- DATA PROVIDED:

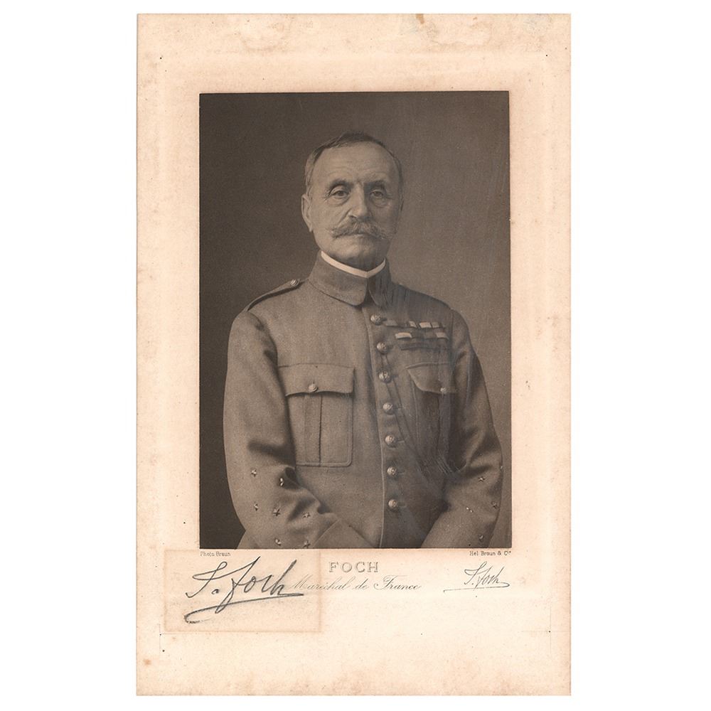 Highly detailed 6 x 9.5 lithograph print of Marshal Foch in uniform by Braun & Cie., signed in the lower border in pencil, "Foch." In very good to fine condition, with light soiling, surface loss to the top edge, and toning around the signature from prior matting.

---

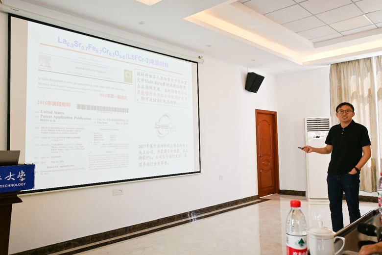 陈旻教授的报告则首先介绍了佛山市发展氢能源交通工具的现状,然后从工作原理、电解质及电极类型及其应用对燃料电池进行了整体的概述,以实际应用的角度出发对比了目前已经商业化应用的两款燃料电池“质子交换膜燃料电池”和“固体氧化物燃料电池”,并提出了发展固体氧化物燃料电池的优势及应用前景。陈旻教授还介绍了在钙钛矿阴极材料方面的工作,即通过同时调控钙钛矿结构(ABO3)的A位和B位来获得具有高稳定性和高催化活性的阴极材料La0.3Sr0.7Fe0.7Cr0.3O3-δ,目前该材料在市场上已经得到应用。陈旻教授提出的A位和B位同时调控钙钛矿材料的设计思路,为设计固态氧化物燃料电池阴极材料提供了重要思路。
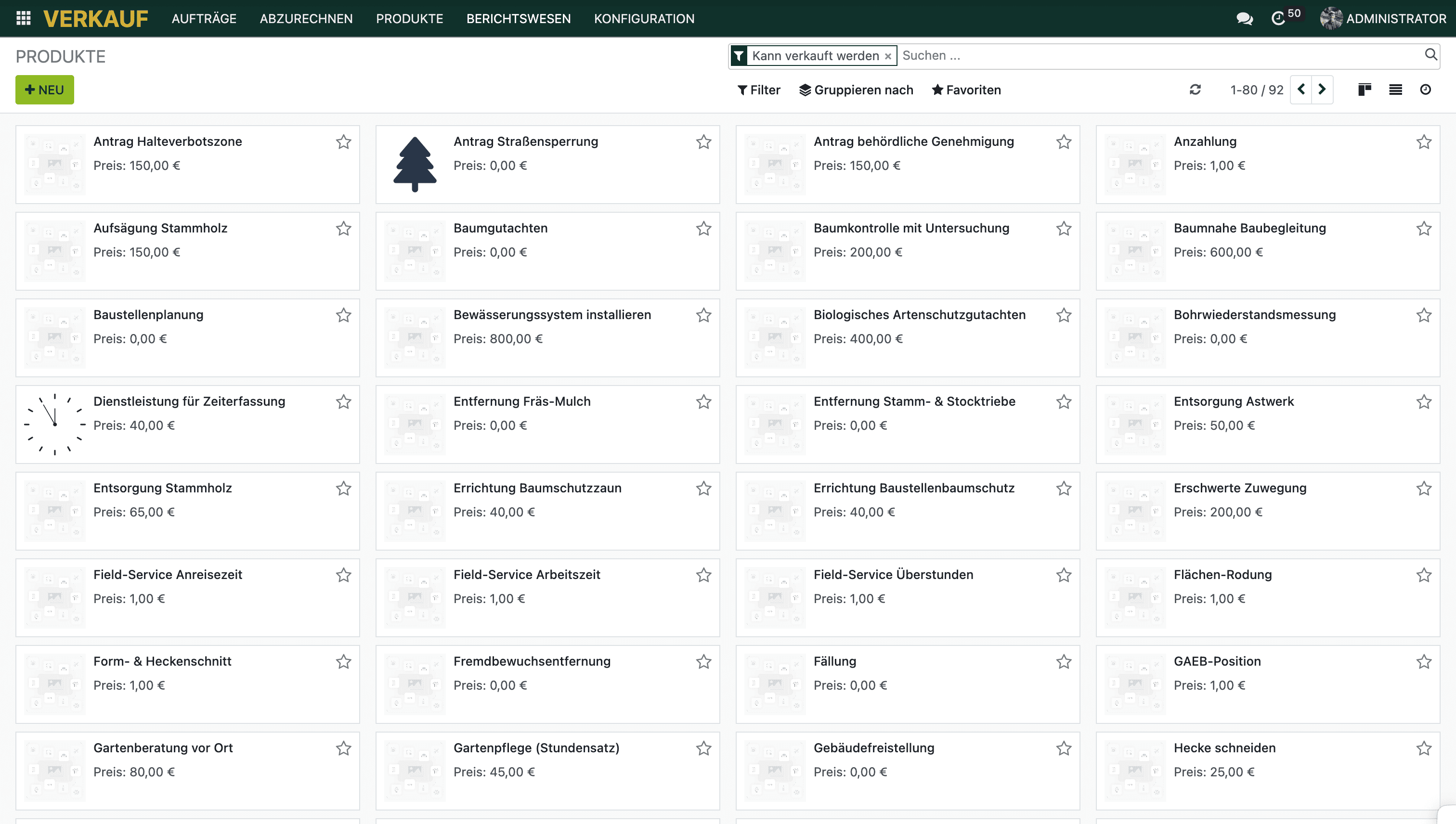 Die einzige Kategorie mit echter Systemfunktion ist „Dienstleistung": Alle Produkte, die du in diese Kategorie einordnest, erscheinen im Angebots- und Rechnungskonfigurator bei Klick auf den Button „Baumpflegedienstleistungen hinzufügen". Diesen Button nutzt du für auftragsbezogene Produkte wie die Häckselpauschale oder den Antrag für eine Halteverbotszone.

---

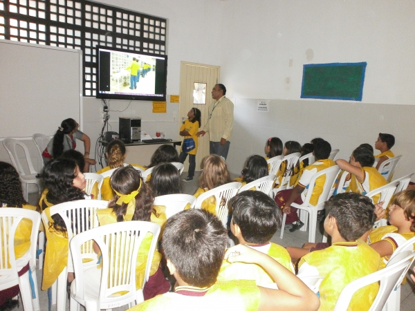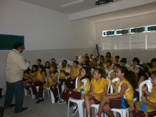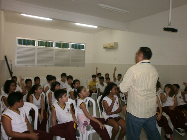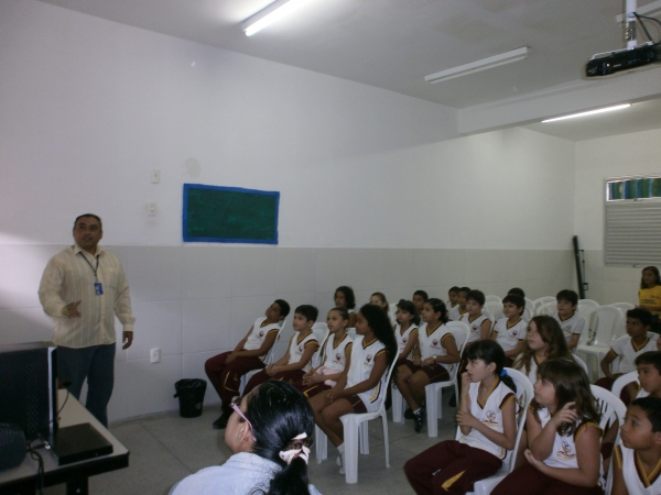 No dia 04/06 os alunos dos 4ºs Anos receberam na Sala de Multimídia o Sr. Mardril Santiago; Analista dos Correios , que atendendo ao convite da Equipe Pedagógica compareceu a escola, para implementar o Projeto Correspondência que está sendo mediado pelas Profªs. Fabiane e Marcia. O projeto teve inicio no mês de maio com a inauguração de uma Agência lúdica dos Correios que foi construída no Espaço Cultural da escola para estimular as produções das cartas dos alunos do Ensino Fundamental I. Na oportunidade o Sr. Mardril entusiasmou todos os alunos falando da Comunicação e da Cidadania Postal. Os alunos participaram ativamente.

- AIM OF THE EXERCISE: Copy exactly the lines of the entries above from the one containing "陈旻教授的报告则首先介绍了佛" through the one containing "Die einzige Kategorie". Both end lines count; pictures do not.

- ANSWER TO THIS TASK:
 陈旻教授的报告则首先介绍了佛山市发展氢能源交通工具的现状,然后从工作原理、电解质及电极类型及其应用对燃料电池进行了整体的概述,以实际应用的角度出发对比了目前已经商业化应用的两款燃料电池“质子交换膜燃料电池”和“固体氧化物燃料电池”,并提出了发展固体氧化物燃料电池的优势及应用前景。陈旻教授还介绍了在钙钛矿阴极材料方面的工作,即通过同时调控钙钛矿结构(ABO3)的A位和B位来获得具有高稳定性和高催化活性的阴极材料La0.3Sr0.7Fe0.7Cr0.3O3-δ,目前该材料在市场上已经得到应用。陈旻教授提出的A位和B位同时调控钙钛矿材料的设计思路,为设计固态氧化物燃料电池阴极材料提供了重要思路。
 Die einzige Kategorie mit echter Systemfunktion ist „Dienstleistung": Alle Produkte, die du in diese Kategorie einordnest, erscheinen im Angebots- und Rechnungskonfigurator bei Klick auf den Button „Baumpflegedienstleistungen hinzufügen". Diesen Button nutzt du für auftragsbezogene Produkte wie die Häckselpauschale oder den Antrag für eine Halteverbotszone.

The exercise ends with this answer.